#### GIVEN DATA:
*** Block opens ***

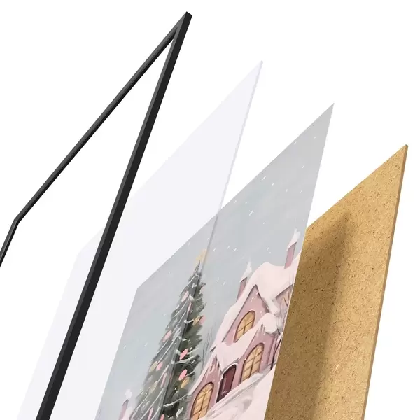 Plakát se skládá z rámu, plexiskla, tištěného obrazu a dřevotřískového podkladu. Díky úchytům na zadní straně lze plakát ihned zavěsit na zeď.
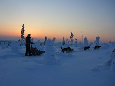 Nach dem Frühstück Bus-Transfer zur Huskyfarm, wo Sie die freundlichen Hunde kennenlernen. Ihr Guide zeigt Ihnen wie man einen Hundeschlitten fährt und dann geht die rasante Tour los, auf der Sie abwechselnd den Hundeschlitten selber lenken oder im Schlitten sitzen. Sie fahren vorbei an schneebedeckten Bäumen, über gefrorene Seen und Sümpfe und können mitten in der verschneiten Landschaft Fotos von sich mit Ihrem Schlittenteam machen. Rücktransfer, Abendessen und Übernachtung.
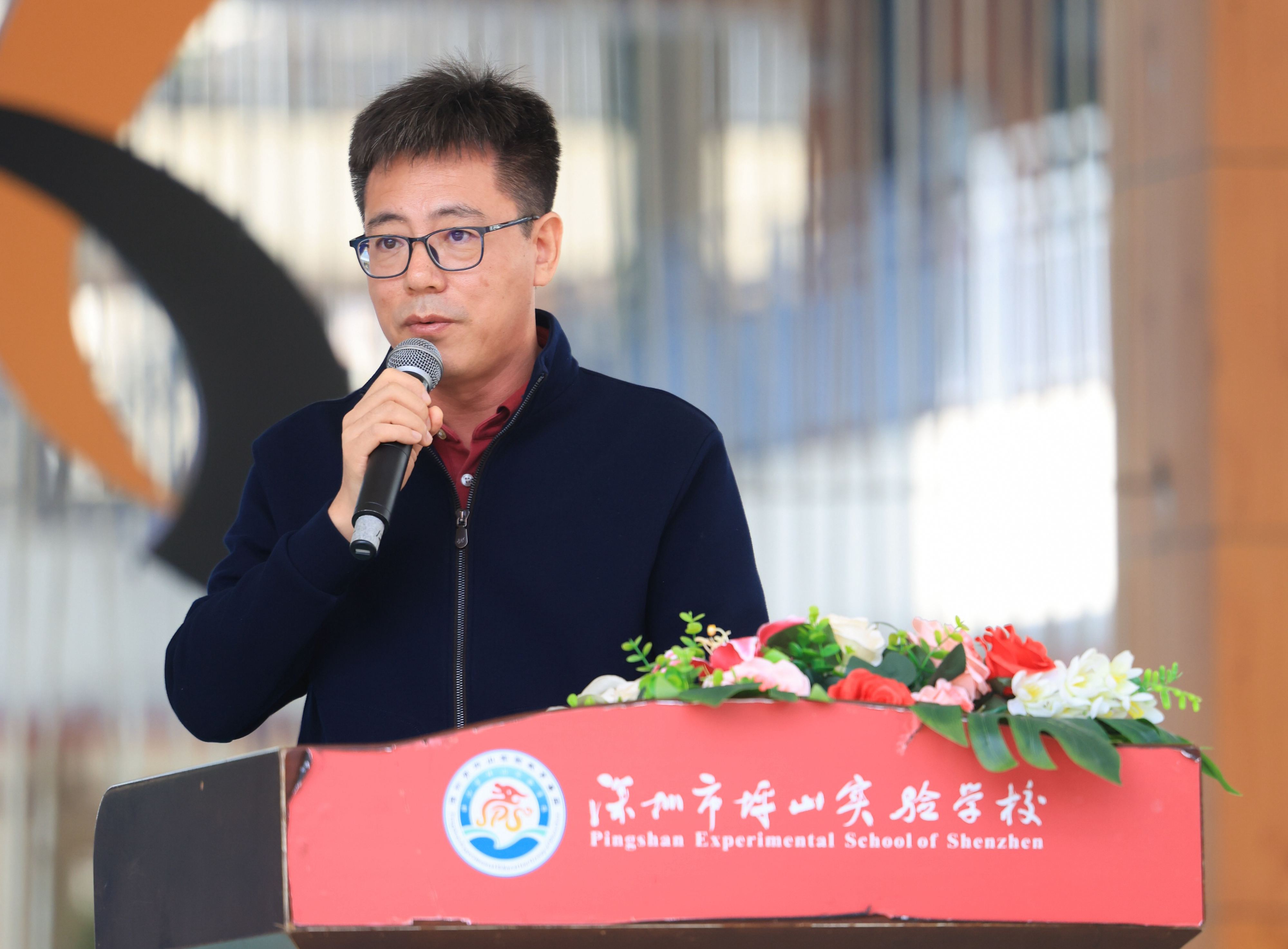 坪山实验学校副校长、初中部部长左远桥为大会致开幕词。他表示,赛场上成绩固然重要,但更重要的是勇毅拼搏、守望相助,这正是“九州同心”的时代气质,也是“绘坪山”的青春底色。他提出三点希望:一是全体运动员尊重规则、尊重对手、赛出水平、赛出风采;二是全体裁判员和工作人员要以专业与公正守护每一场比赛的尊严;三是全体师生文明观赛、享受运动,用掌声与微笑传递温暖与力量。
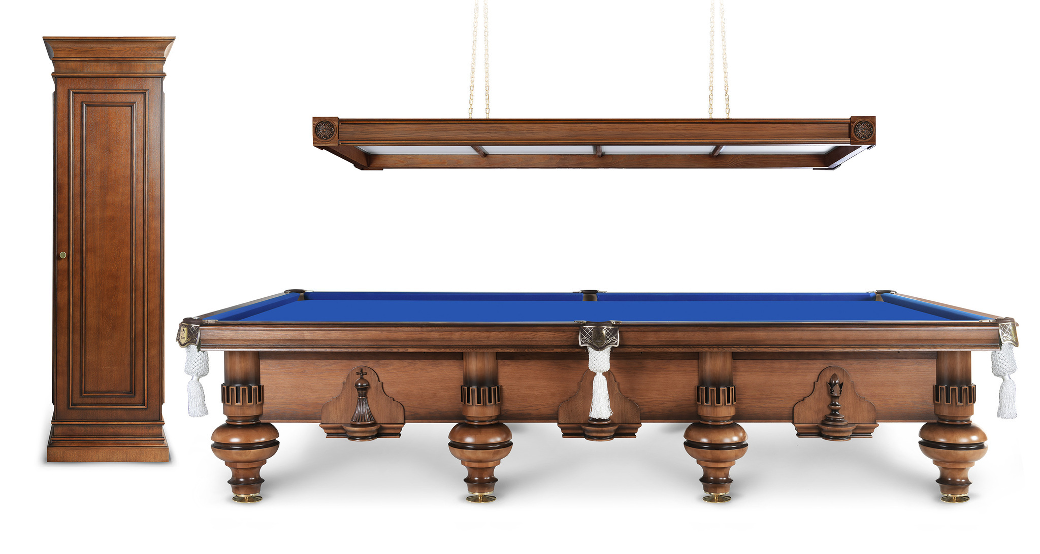 Бильярдная коллекция «Гроссмейстер» вобрала в себя не только эксклюзивность комплектующих и натуральные природные материалы, но и уникальные технологии изготовления. Коллекция включает в себя бильярдный стол, киевницу и светильник.
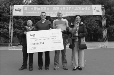 2017年3月1日,由嘉吉公司與國(guó)際慈善機(jī)構(gòu)國(guó)際小母牛組織及其合作伙伴四川海惠助貧服務(wù)中心共同發(fā)起的一個(gè)扶貧項(xiàng)目在四川省青神縣正式啟動(dòng)。該項(xiàng)目旨在通過支持當(dāng)?shù)剞r(nóng)民養(yǎng)殖肉雞、蛋雞,幫助450個(gè)貧困農(nóng)戶增加收入,擺脫貧困,最終實(shí)現(xiàn)可持續(xù)發(fā)展。青神縣政府領(lǐng)導(dǎo),嘉吉公司、海惠·小母牛組織的高層共同出席了當(dāng)天的雞苗捐贈(zèng)儀式,八位接受援助的村民代表農(nóng)戶也參與了儀式。
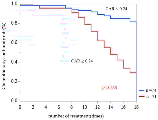 Kaplan–Meier curves of chemotherapy continuation according to the CAR. Patients were divided into two groups with 0.24 as the cut-off value. CAR: C-reactive protein-to-albumin ratio.
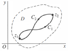 (ii) \(D\) 내부의 점 \(z_{1},\,z_{2}\)를 잇고, \(D\) 내부에 포함되는 임의의 경로에서 \(f(z)\)의 적분값은 항상 같다.
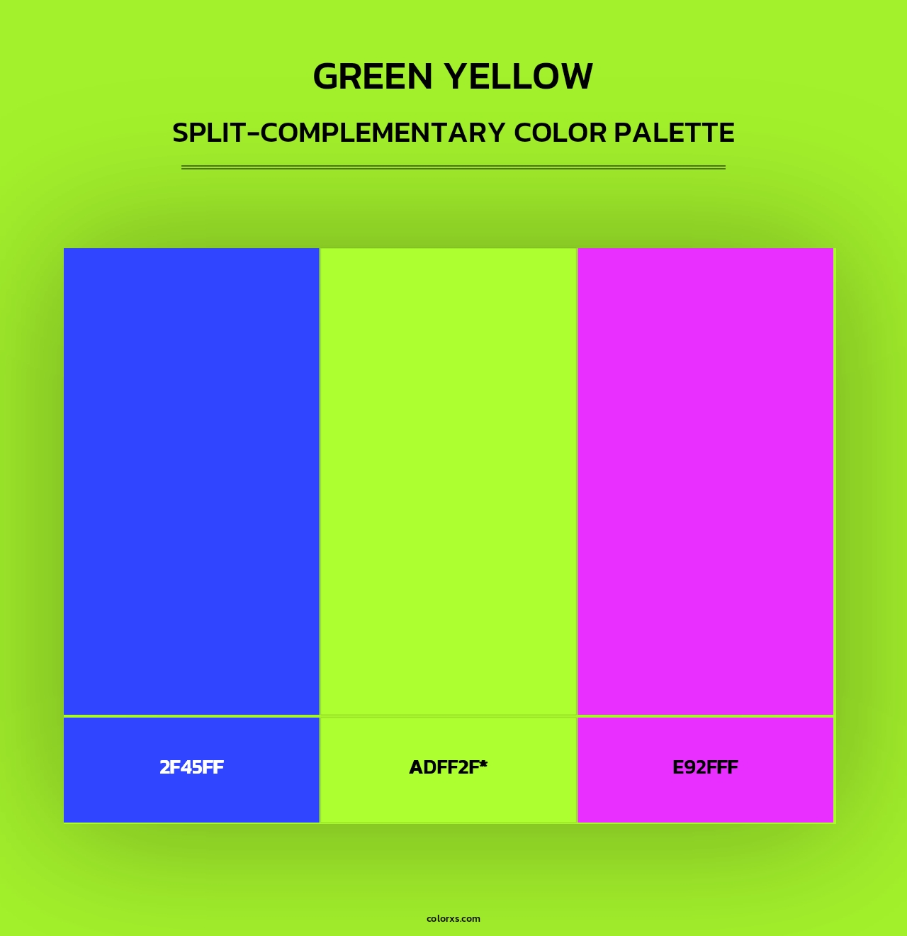 Green Yellow color palettes. Find what colors go with Green Yellow color palettes. Explore monochromatic, analogous, complementary schemes. Inspiring color palette and combination for your next design.
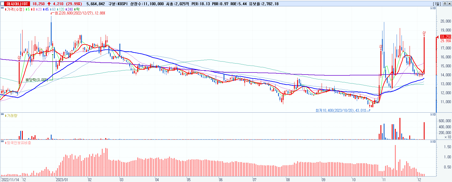 - 아시아나IDT (18,250원 ▲ 29.99% , 시총: 2,026억, 거래량: 5,665,116, 거래대금:971억)
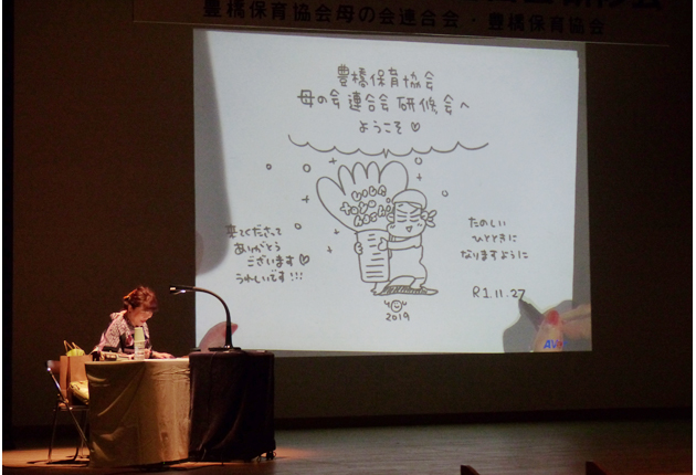着物姿で漫画を描きながら話す独特のスタイルで人気の、育児漫画家でイラストレーターの高野優さんの子育て講演会が27日、豊橋市八町通の市公会堂で開かれた。 豊橋保育協会(市川順敬会長)と同協会母の会連合会(松田伊代会長)が2019年度の研修会...
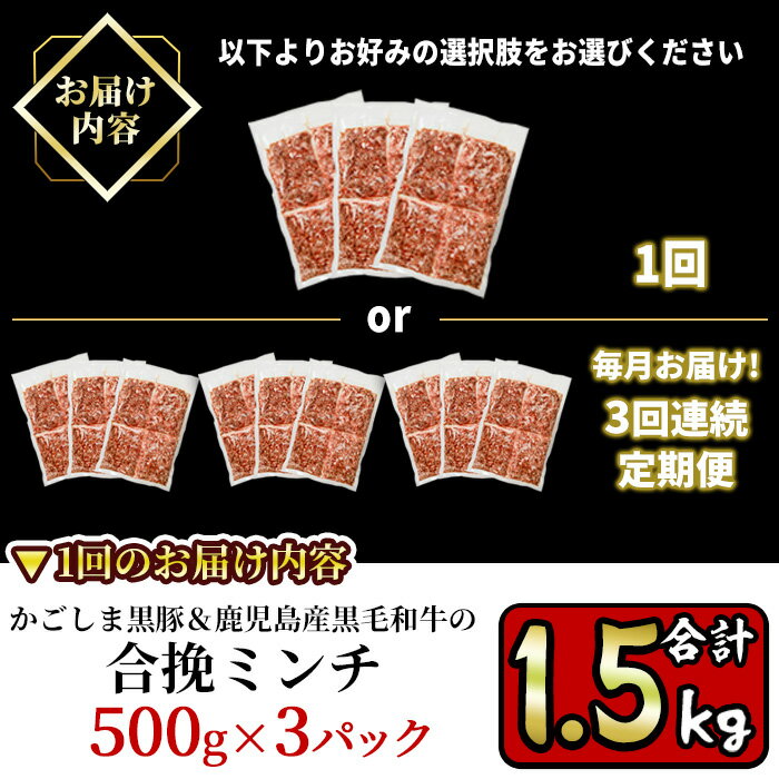 【ふるさと納税】<配送回数選べる>かごしま黒豚&鹿児島産黒毛和牛の合挽ミンチ(計1.5kg・500g×3P / 計4.5kg・500g×3P×3回) 国産 九州産 牛肉 黒毛和牛 和牛 お肉 ミンチ ミンチ肉 黒豚 豚肉 ぶた肉 お肉 合挽き ハンバーグ 【財宝】
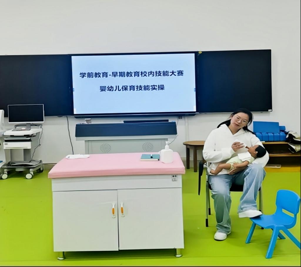 课件制作与命题画项目同样亮点纷呈,选手们充分运用了现代教育信息技术和绘画技能,精心制作出了内容丰富、形式多样的课件和画作。而在婴幼儿保育技能实操项目中,选手们更是展现出了对婴幼儿保育工作的专业素养与人文关怀,他们准确识别婴幼儿需求,迅速有序进行生活照护,操作流程科学正确、安全卫生。
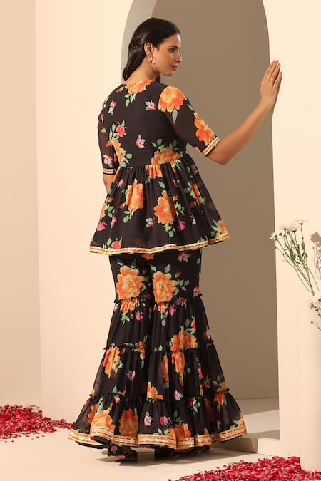 Buy_Pomcha Jaipur_Black Georgette Gota Patti V-neck Floral Pattern Peplum Tunic And Sharara Set

*** Block closes ***

#### TASK GOAL:
Only the lines from the start of the records through the line containing "着物姿で漫画を描きながら話す" should be repeated, word for word, with the pictures left out.

#### REPLY:
 Plakát se skládá z rámu, plexiskla, tištěného obrazu a dřevotřískového podkladu. Díky úchytům na zadní straně lze plakát ihned zavěsit na zeď.
 Nach dem Frühstück Bus-Transfer zur Huskyfarm, wo Sie die freundlichen Hunde kennenlernen. Ihr Guide zeigt Ihnen wie man einen Hundeschlitten fährt und dann geht die rasante Tour los, auf der Sie abwechselnd den Hundeschlitten selber lenken oder im Schlitten sitzen. Sie fahren vorbei an schneebedeckten Bäumen, über gefrorene Seen und Sümpfe und können mitten in der verschneiten Landschaft Fotos von sich mit Ihrem Schlittenteam machen. Rücktransfer, Abendessen und Übernachtung.
 坪山实验学校副校长、初中部部长左远桥为大会致开幕词。他表示,赛场上成绩固然重要,但更重要的是勇毅拼搏、守望相助,这正是“九州同心”的时代气质,也是“绘坪山”的青春底色。他提出三点希望:一是全体运动员尊重规则、尊重对手、赛出水平、赛出风采;二是全体裁判员和工作人员要以专业与公正守护每一场比赛的尊严;三是全体师生文明观赛、享受运动,用掌声与微笑传递温暖与力量。
 Бильярдная коллекция «Гроссмейстер» вобрала в себя не только эксклюзивность комплектующих и натуральные природные материалы, но и уникальные технологии изготовления. Коллекция включает в себя бильярдный стол, киевницу и светильник.
 2017年3月1日,由嘉吉公司與國(guó)際慈善機(jī)構(gòu)國(guó)際小母牛組織及其合作伙伴四川海惠助貧服務(wù)中心共同發(fā)起的一個(gè)扶貧項(xiàng)目在四川省青神縣正式啟動(dòng)。該項(xiàng)目旨在通過支持當(dāng)?shù)剞r(nóng)民養(yǎng)殖肉雞、蛋雞,幫助450個(gè)貧困農(nóng)戶增加收入,擺脫貧困,最終實(shí)現(xiàn)可持續(xù)發(fā)展。青神縣政府領(lǐng)導(dǎo),嘉吉公司、海惠·小母牛組織的高層共同出席了當(dāng)天的雞苗捐贈(zèng)儀式,八位接受援助的村民代表農(nóng)戶也參與了儀式。
 Kaplan–Meier curves of chemotherapy continuation according to the CAR. Patients were divided into two groups with 0.24 as the cut-off value. CAR: C-reactive protein-to-albumin ratio.
 (ii) \(D\) 내부의 점 \(z_{1},\,z_{2}\)를 잇고, \(D\) 내부에 포함되는 임의의 경로에서 \(f(z)\)의 적분값은 항상 같다.
 Green Yellow color palettes. Find what colors go with Green Yellow color palettes. Explore monochromatic, analogous, complementary schemes. Inspiring color palette and combination for your next design.
 - 아시아나IDT (18,250원 ▲ 29.99% , 시총: 2,026억, 거래량: 5,665,116, 거래대금:971억)
着物姿で漫画を描きながら話す独特のスタイルで人気の、育児漫画家でイラストレーターの高野優さんの子育て講演会が27日、豊橋市八町通の市公会堂で開かれた。 豊橋保育協会(市川順敬会長)と同協会母の会連合会(松田伊代会長)が2019年度の研修会...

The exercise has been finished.